According to Ms. Bolden, “At the end of the month, I’m losing 10 pounds because I don’t have enough to eat, and then, I gain 10 pounds back in the first week of the month because I get paid. I’ve never be through that before because everything is up — electric, everything. It kills me.”
It’s also a struggle, she added, “to buy personal hygiene items — paper towels, toilet paper — because the cost is so high. The question sometimes becomes, do you buy food or do you buy paper products?
Sometimes, it’s that challenging because you are hungry, but you don’t have a couple dollars in your pocket, and the check isn’t coming for another five days.
“Every month, it’s a countdown.”
But she’s thankful for Catholic Charities, who has provided a payment for her electric bill in the past.
“I don’t know what I would do without it because I don’t have a big family, so there’s not a lot of support there,” she said.
Nevertheless, the bills keep arriving.
“It’s stressful because you don’t know what to do,” she said. “Your back is against the wall. You pray, and you hope, and I juggle to pay one thing or another.”

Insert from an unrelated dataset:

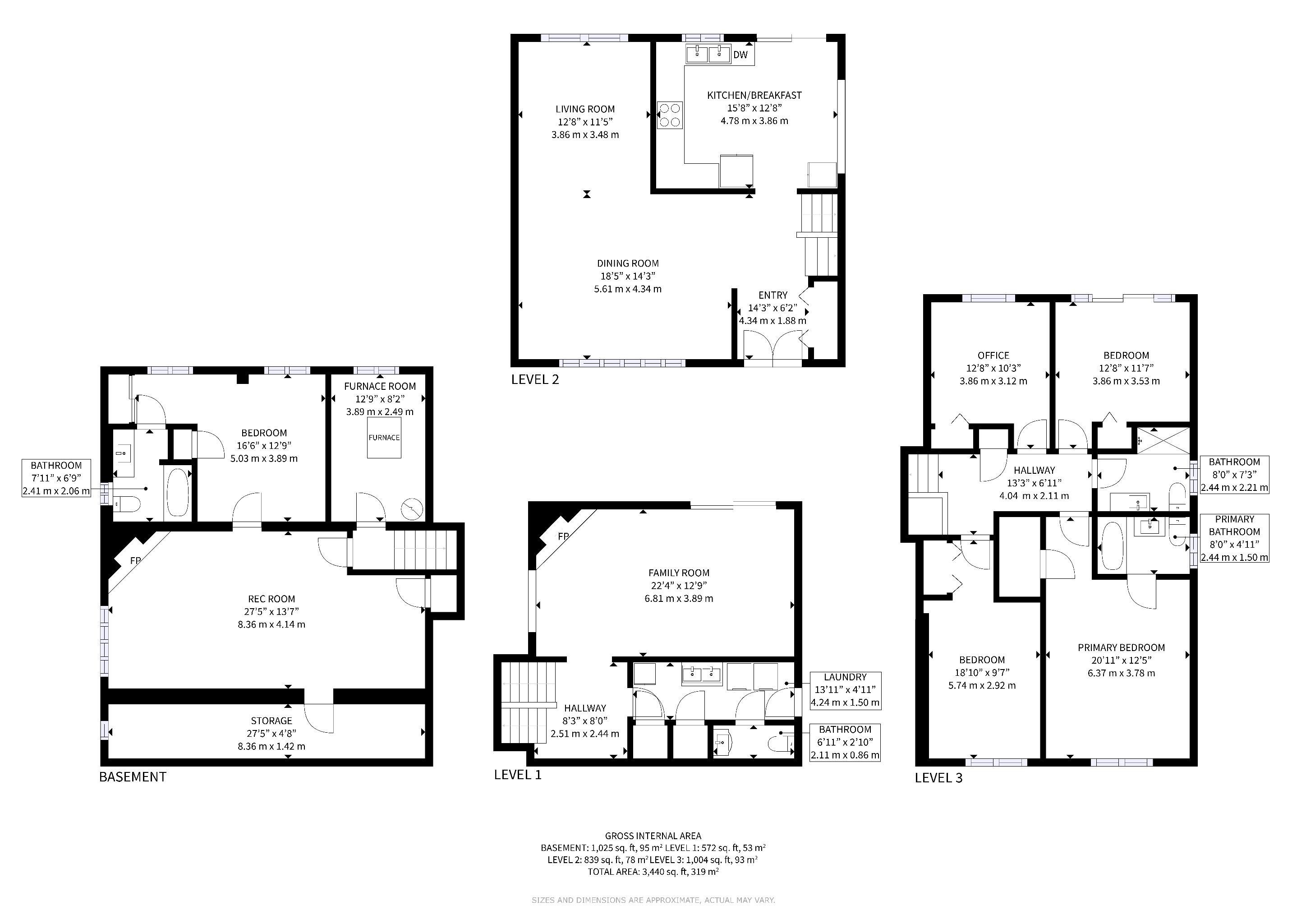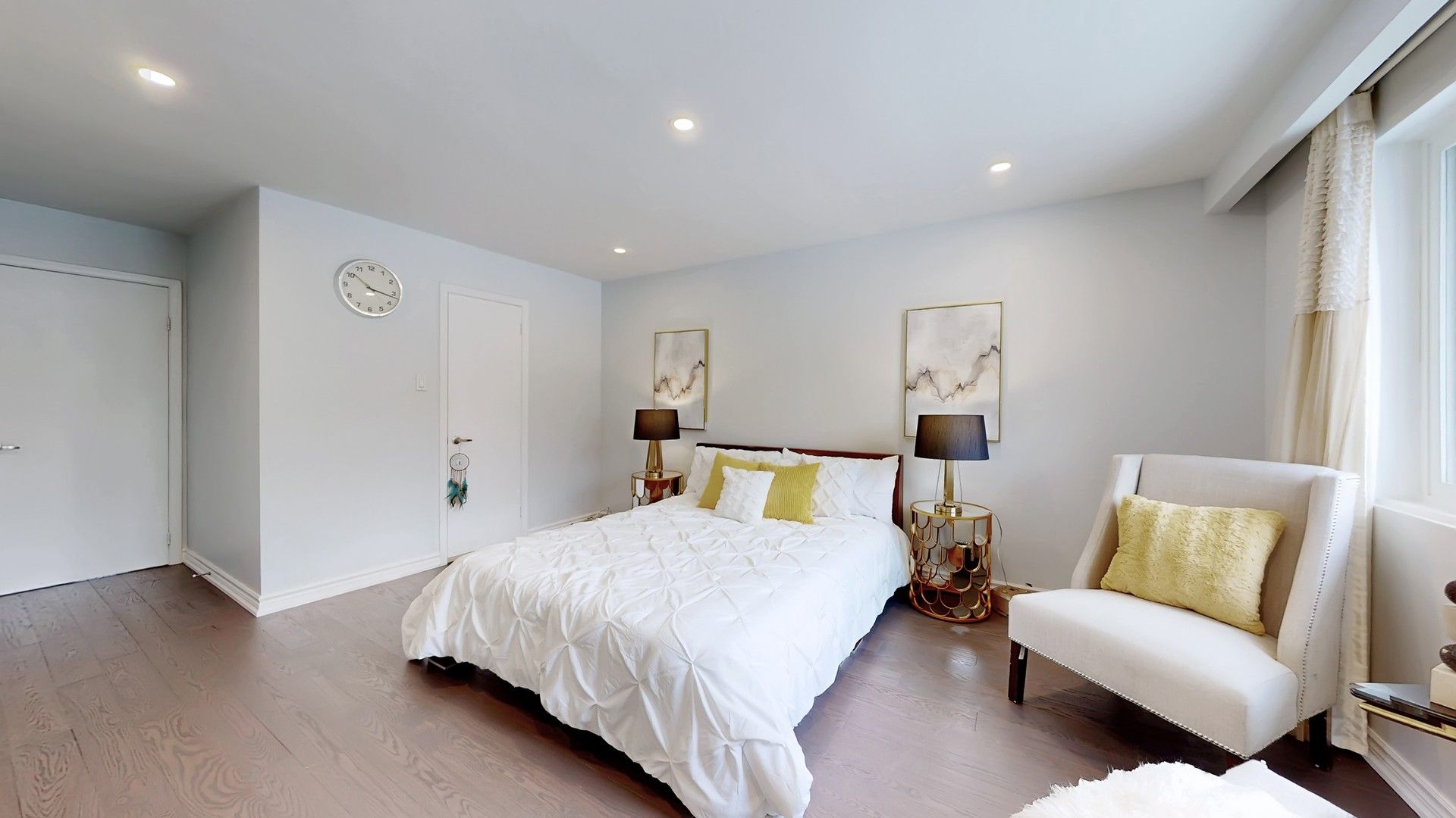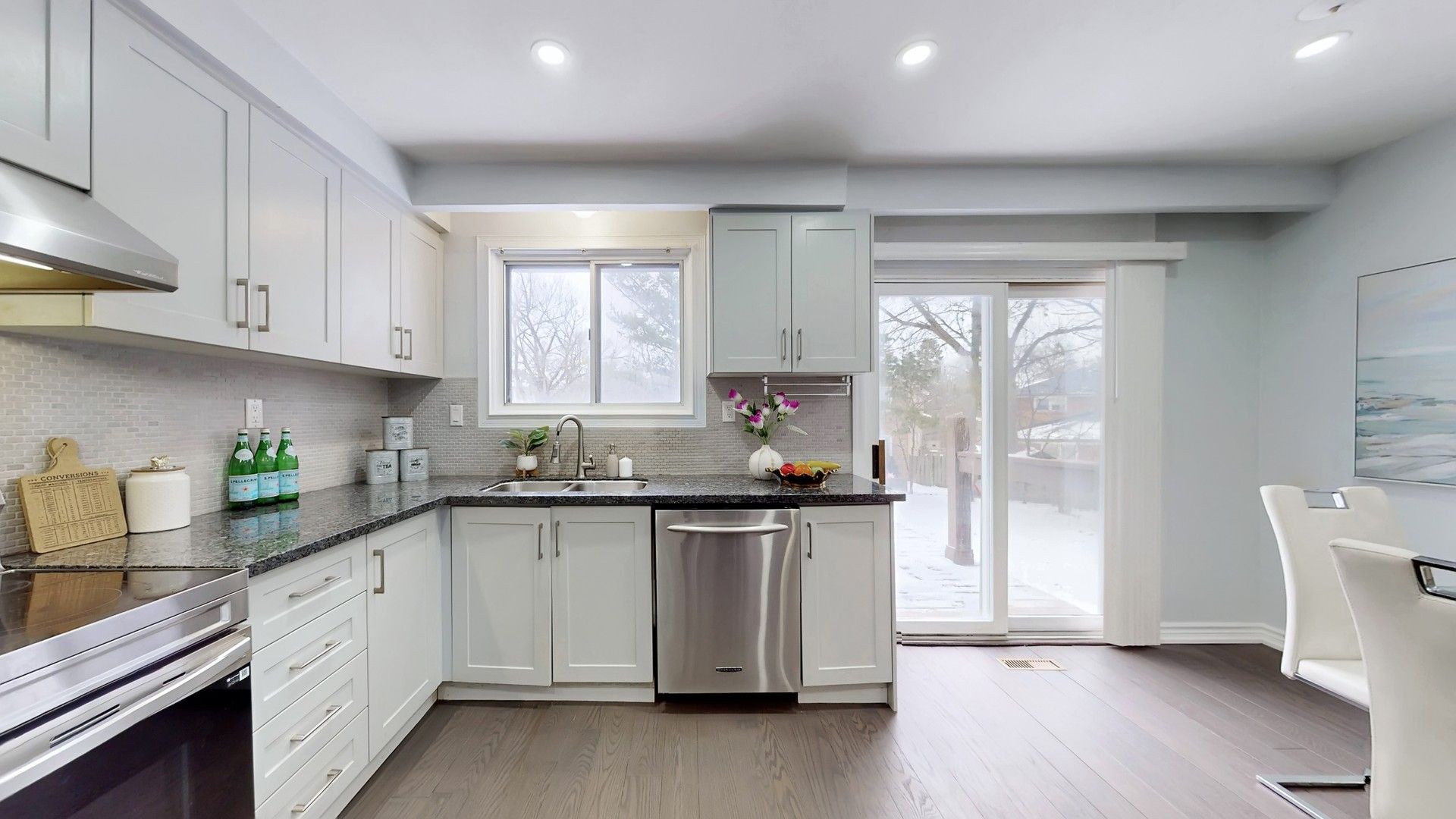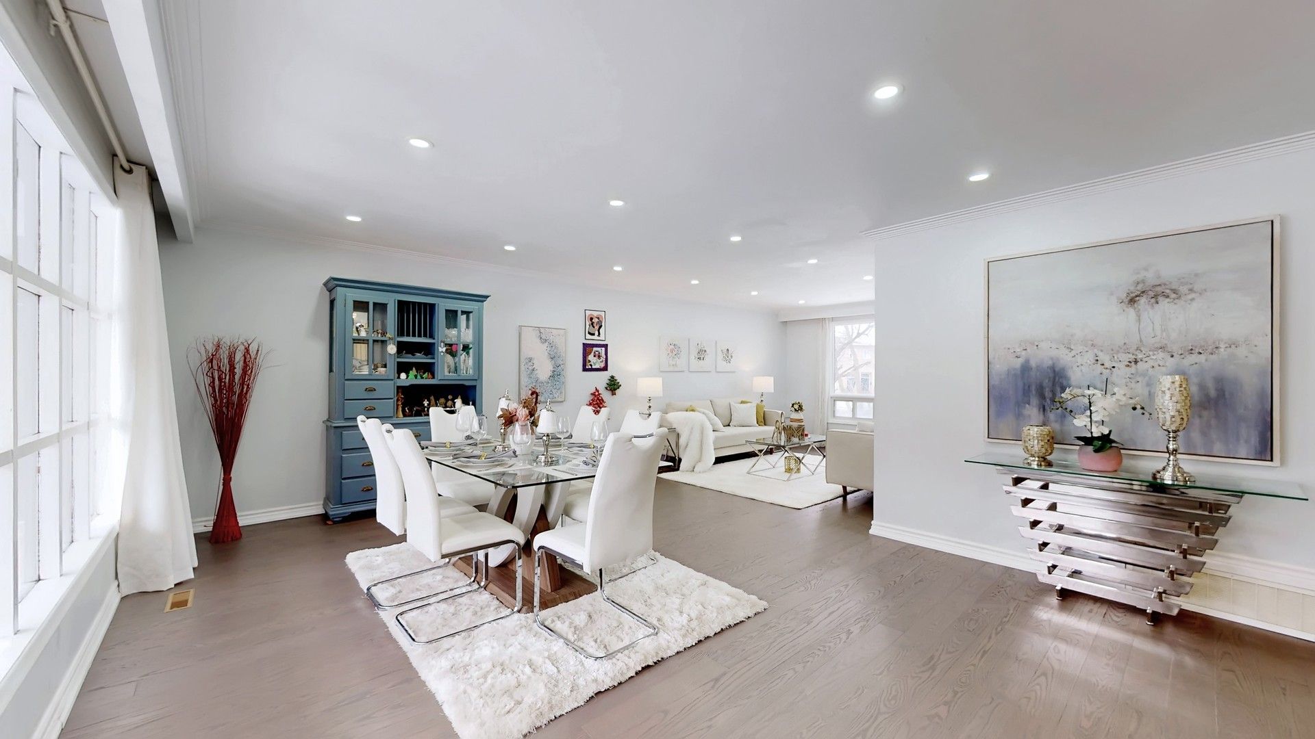 ***top-ranked school zone (a. Y. Jackson s. S. & zion heights m. S.)***rare opportunity to move right in or invest or build on this stunning, south-facing detached sidesplit-4-level with 4+2 bedroom home (total 3440 sf, above grade finished 2415 sf), situated on a premium 10,980+ sf pie-shaped lot in a quiet cul-de-sac, backing on bayview ave (often referred to as the "dragon vein line"). *top-bottom renovation completed in 2017-2018 & well-maintained. *this elegant home is ideal for families seeking generous living space and multiple bedrooms. *home features: double entry doors; a large foyer with double closet; a sun-filled porch offering peace & tranquility of the court; oak hardwood flooring on the lower, main & upper levels; laminate flooring in basement; pot lights throughout; spacious amazing living & dining areas with large picture windows; an open-concept kitchen with s/s appliances, granite counter-tops, eat-in kitchen, overlooking the family room, and w/o a large deck; wood-burning fireplaces in fabulous family room (w/o backyard patio) & large great rooms (combined with large cool room & crawl-space storage); a south viewed primary bedroom with w/i closet & 4-pc ensuite; a 2nd bedroom with w/o large balcony; a basement primary bedroom with 4-pc ensuite; side separate entrance via laundry room & powder room & storages (possible to add a shower); double garage plus 4-car driveway parking; large garden shed, and private backyard boundary via metal & wood fencing and mature lined trees. Huge now & near future developing potentials: build 2-storey 1200 sqft garden suite & make open concept main level by removing kitchen walls & add 700+ sf 2nd floor on side portion, etc.; or rebuild 4000+ sf luxury custom home; or possible land assembling by massive developments (buyer to verify zoning, permits & developing options). Prime location steps to ttc, plazas, parks, and biking/hiking trails, with quick access to subway, major malls / streets, and hwys 401/404/dvp/407.

For example, at Christmastime, “I have a granddaughter, and to even spend 30 or 40 bucks on her, I have to forsake my phone bill for the month,” Ms. Bolden explained. “It gets to be too much to do that for two or three months. I’m always overdrafting on my debit card, and if I don’t, I can’t survive. That’s all there is to it. I’d rather pay the fees.
“That sounds silly, but it’s not when you can’t figure any other way to do it.”
Further, Ms. Bolden said, poverty has worsened her depression and post-traumatic stress disorder. And she has issues with blood clots and a hernia that requires surgery.
“It’s like you’re in this dark hole and just keep waiting and waiting for it to get better,” she added, “but most the time, it doesn’t.”